Error in is.data.frame(x) : 'list' object cannot be coerced to type 'double'

Just to see the predictions:

Code
ggplot(gp_out_mv2$insampresults, aes(x = timestep, y = predmean)) +
  geom_line() + 
  geom_ribbon(aes(ymin = predmean - predfsd, ymax = predmean + predfsd), alpha=0.4) +
  geom_point(aes(y = obs)) +
  theme_bw()+
  facet_wrap(pop ~., scales = "free") 

Hierarchical models (time series from multiple populations)

As an example, here are some simulated data from 2 populations (PopA and PopB) with theta logistic dynamics. This dynamics derive from a model that is an extension of the standard logistic growth model. It introduces a parameter (theta) that influences the shape of the growth curve and can account for different types of density dependence. The data that we are going to use contain some small lognormal process noise, and the populations have different theta values indicating distinct growth characteristics.

Code
str(thetalog2pop)
'data.frame':   100 obs. of  3 variables:
 $ Time      : int  1 2 3 4 5 6 7 8 9 10 ...
 $ Population: Factor w/ 2 levels "PopA","PopB": 1 1 1 1 1 1 1 1 1 1 ...
 $ Abundance : num  1.5621 0.0169 0.0583 0.1878 0.6457 ...
Code
pA=subset(thetalog2pop,Population=="PopA")
pB=subset(thetalog2pop,Population=="PopB")

par(mfrow=c(1,2),mar=c(4,4,2,1))
plot(Abundance~Time,data=pA,type="l",main="PopA")
plot(Abundance~Time,data=pB,type="l",main="PopB")

When dealing with multiple populations, you have to think a little more carefully about whether you want to scale data across populations (scaling = "global") or within populations (scaling = "local"). Since the data are on somewhat different scales and don’t necessarily represent the same ‘units’, we will use local scaling, as opposed to global. For a more detailed discussion of this, see the next lesson.

The model setup for a hierarchical model is the same as other models, you just need to add a pop column to indicate there are multiple populations. I am not including an exclusion radius for leave-one-out in this case, because the data are not autocorrelated.

Code
#E/tau method and leave-one-out, multiple populations
tlogtest=fitGP(data = thetalog2pop, 
               time = "Time",
               y = "Abundance", 
               pop = "Population", 
               E = 3, tau = 1, 
               scaling = "local", 
               predictmethod = "loo",
               exclradius = 0)

summary(tlogtest)
Number of predictors: 3 
Length scale parameters:
       predictor posteriormode
phi1 Abundance_1        0.5317
phi2 Abundance_2        0.0000
phi3 Abundance_3        0.0000
Process variance (ve): 0.01222333
Pointwise prior variance (sigma2): 2.527349
Number of populations: 2
Dynamic correlation (rho): 0.327254
In-sample R-squared: 0.9933975 
In-sample R-squared by population:
            R2
PopA 0.9970811
PopB 0.9815187
Out-of-sample R-squared: 0.991238
Out-of-sample R-squared by population:
            R2
PopA 0.9961280
PopB 0.9754702

From the summary, we can see that automatic relevance determination (ARD) approach has (perhaps unsurprisingly) deemed lags 2 and 3 to be unimportant (\(\phi_i\) phi values are 0), so E = 1 is probably sufficient. The fitted dynamic correlation (rho = 0.32) tells us that the dynamics are rather dissimilar. The within population and across population \(R^2\) values are also displayed (these are normalized by either the within or across population variance).

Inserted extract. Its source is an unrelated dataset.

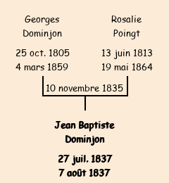 Père : Georges Dominjon, fils de François | Parrain : Ambroise Poingt (fils de Jean Baptiste) |

Remember: The values of \(\phi_i\) tell you about the wiggliness of the function with respect to each input: a value of 0 indicates no relationship (the function is flat), low values of \(\phi_i\) indicate a mostly linear relationship (the function is very stiff), and large values of \(\phi_i\) indicate more nonlinear relationships (the function is more wiggly)

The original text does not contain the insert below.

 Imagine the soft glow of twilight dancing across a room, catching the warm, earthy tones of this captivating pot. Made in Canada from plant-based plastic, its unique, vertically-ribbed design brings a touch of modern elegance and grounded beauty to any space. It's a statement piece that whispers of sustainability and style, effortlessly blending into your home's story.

4) Question for Tanya/Steve:

What are low and large in this case?

low values of \(\phi\) indicate a mostly linear relationship (the function is very stiff), and large values of \(\phi\) indicate more nonlinear relationships.

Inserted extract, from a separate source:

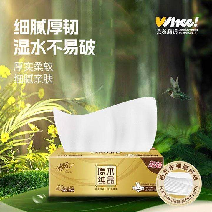 会员精选清风原生木浆金装抽纸100抽*12包提装

For more information on fitting hierarchical models, including the use of pairwise dynamic correlations with >2 populations, see this vignette.

5) Question for Tanya/Steve:

Would be possible to use a continuous variable as level, such as lake volume ? So instead of using pop categorical column use volume continuous column. I feel this is what the GP regression is made for … but I am not quite sure how to fit it within the GPEDM package.

Visualizing conditional effects (the kernel function)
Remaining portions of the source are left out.